**The data**
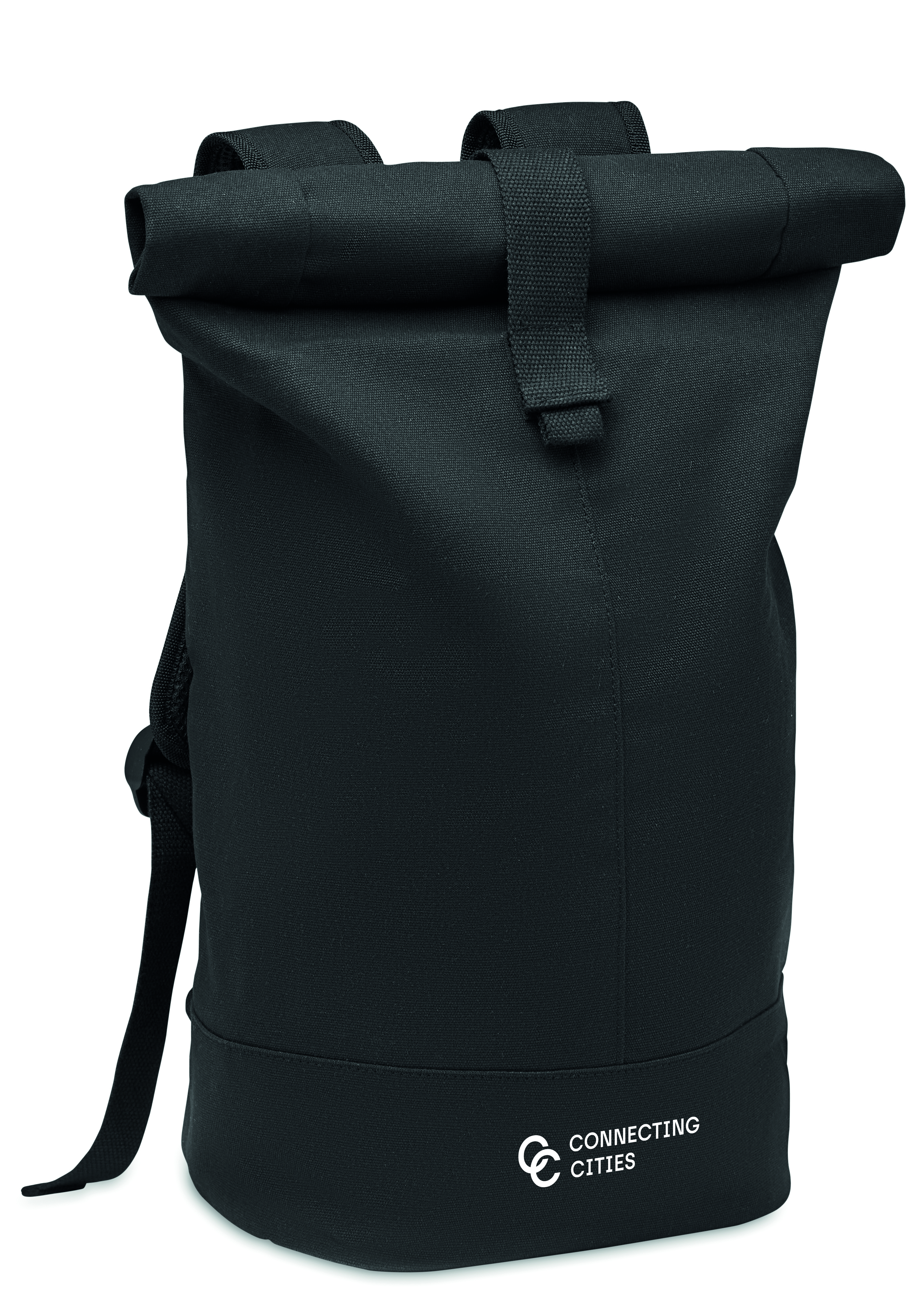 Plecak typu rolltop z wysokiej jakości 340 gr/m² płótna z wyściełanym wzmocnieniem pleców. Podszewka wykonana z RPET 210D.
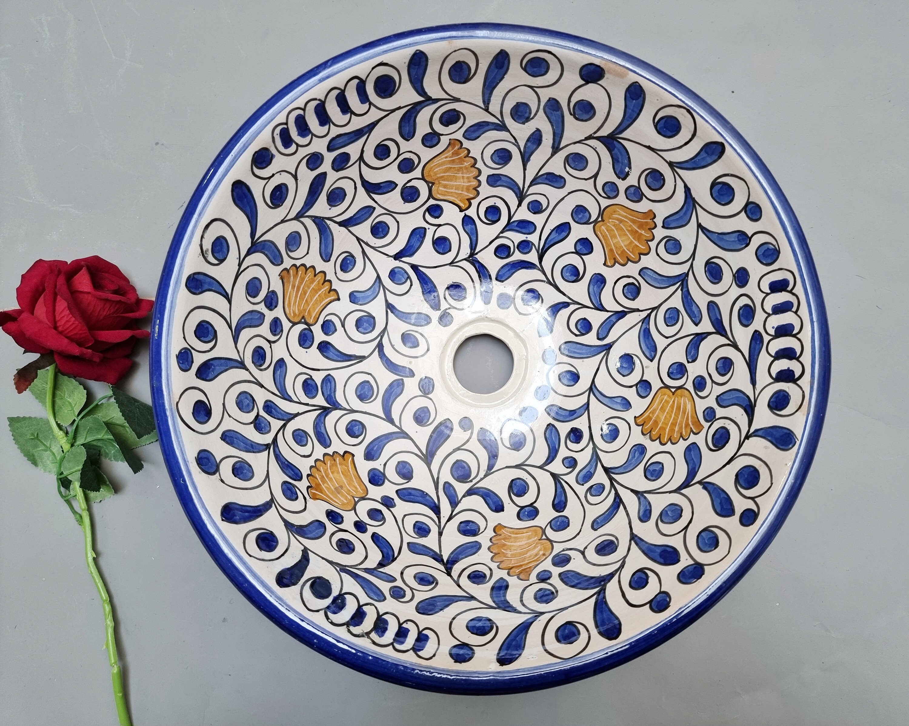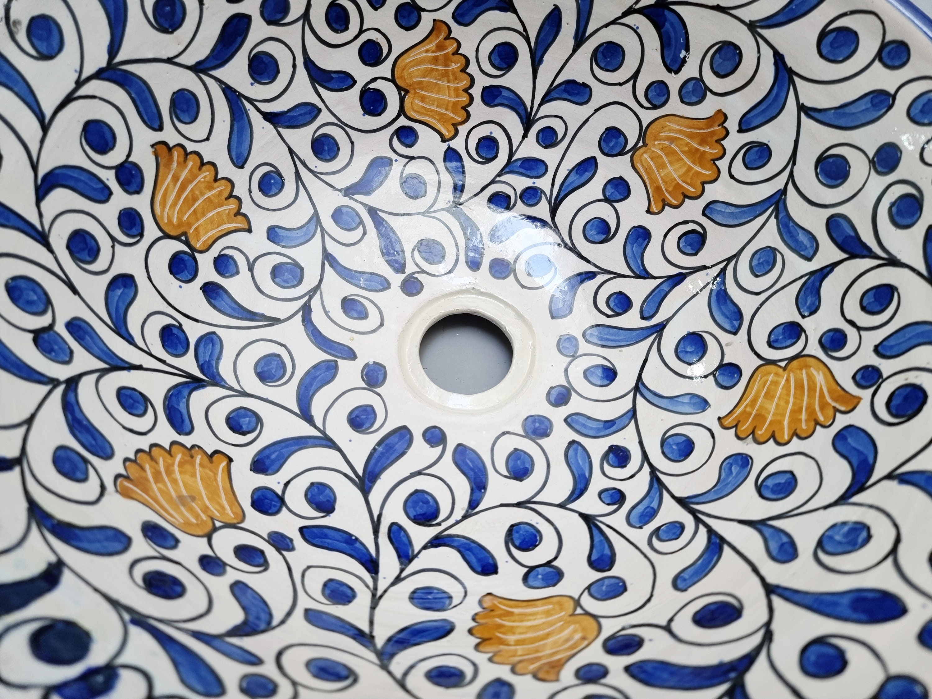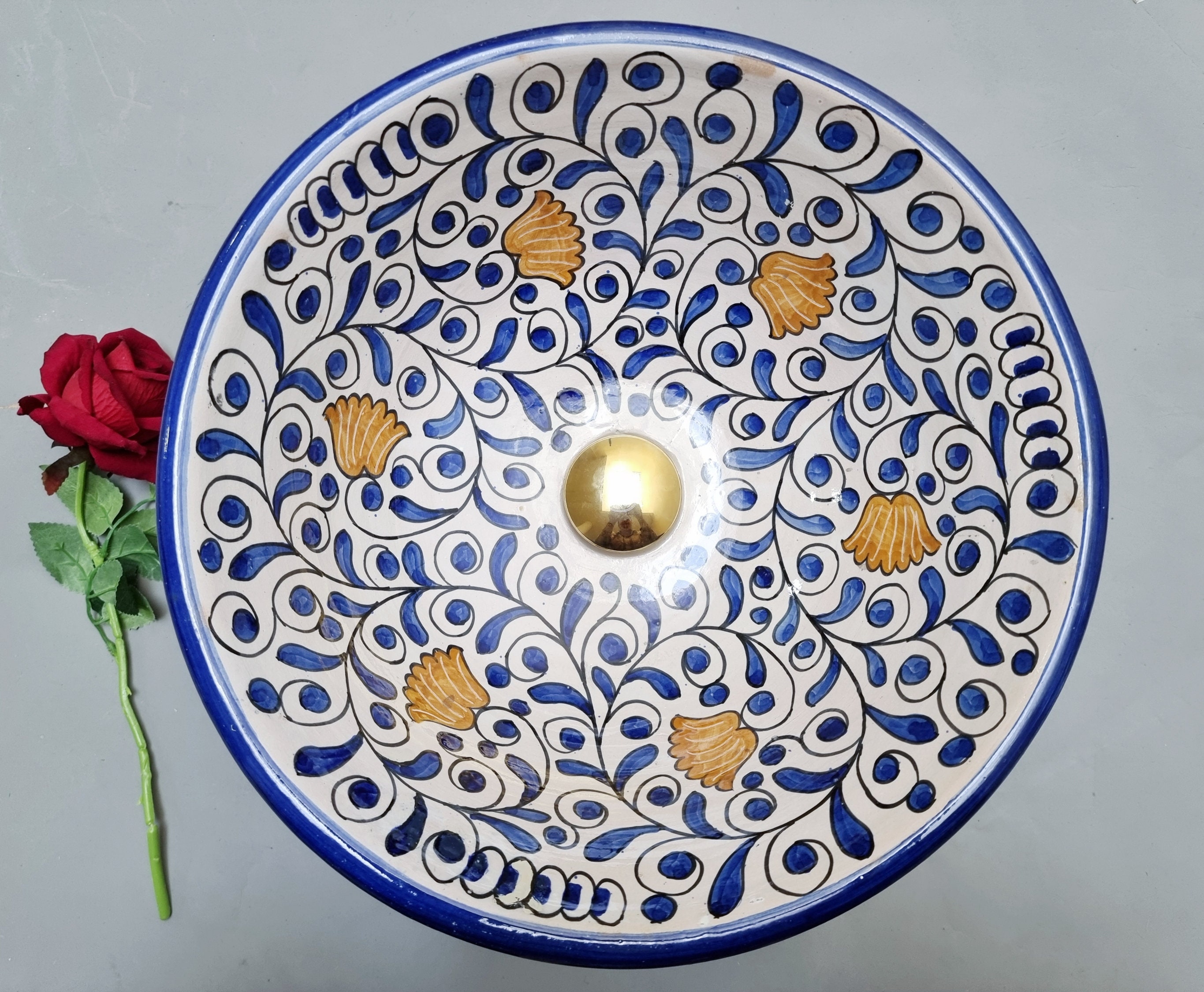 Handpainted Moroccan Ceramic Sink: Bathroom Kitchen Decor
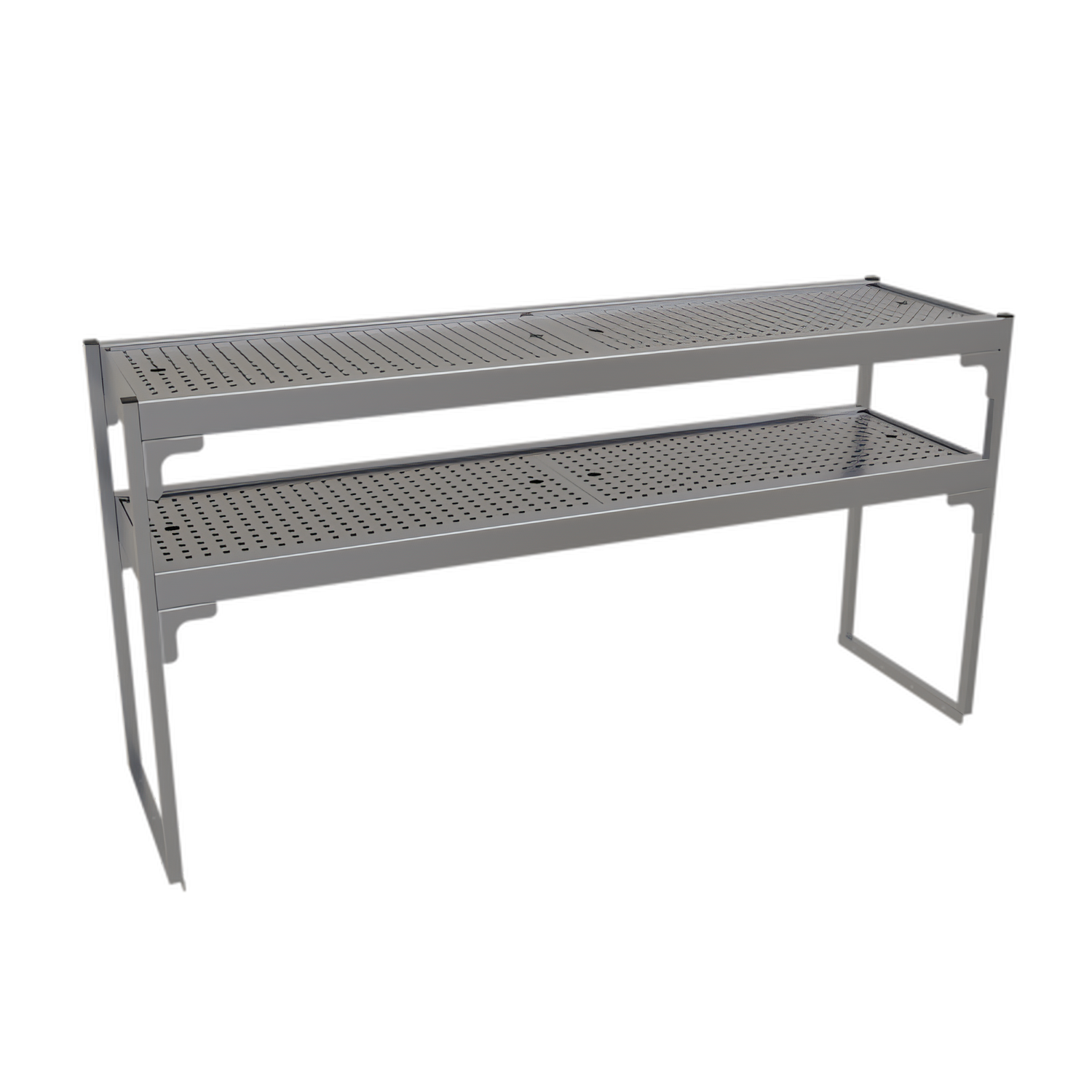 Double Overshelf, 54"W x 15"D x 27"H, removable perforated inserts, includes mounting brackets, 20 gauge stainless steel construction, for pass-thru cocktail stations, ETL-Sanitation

**Assigned task**
Starting with the line that contains "Handpainted Moroccan Ceramic", print every line through the end of the data exactly as written; omit all pictures and add nothing else.

**Written solution**
 Handpainted Moroccan Ceramic Sink: Bathroom Kitchen Decor
 Double Overshelf, 54"W x 15"D x 27"H, removable perforated inserts, includes mounting brackets, 20 gauge stainless steel construction, for pass-thru cocktail stations, ETL-Sanitation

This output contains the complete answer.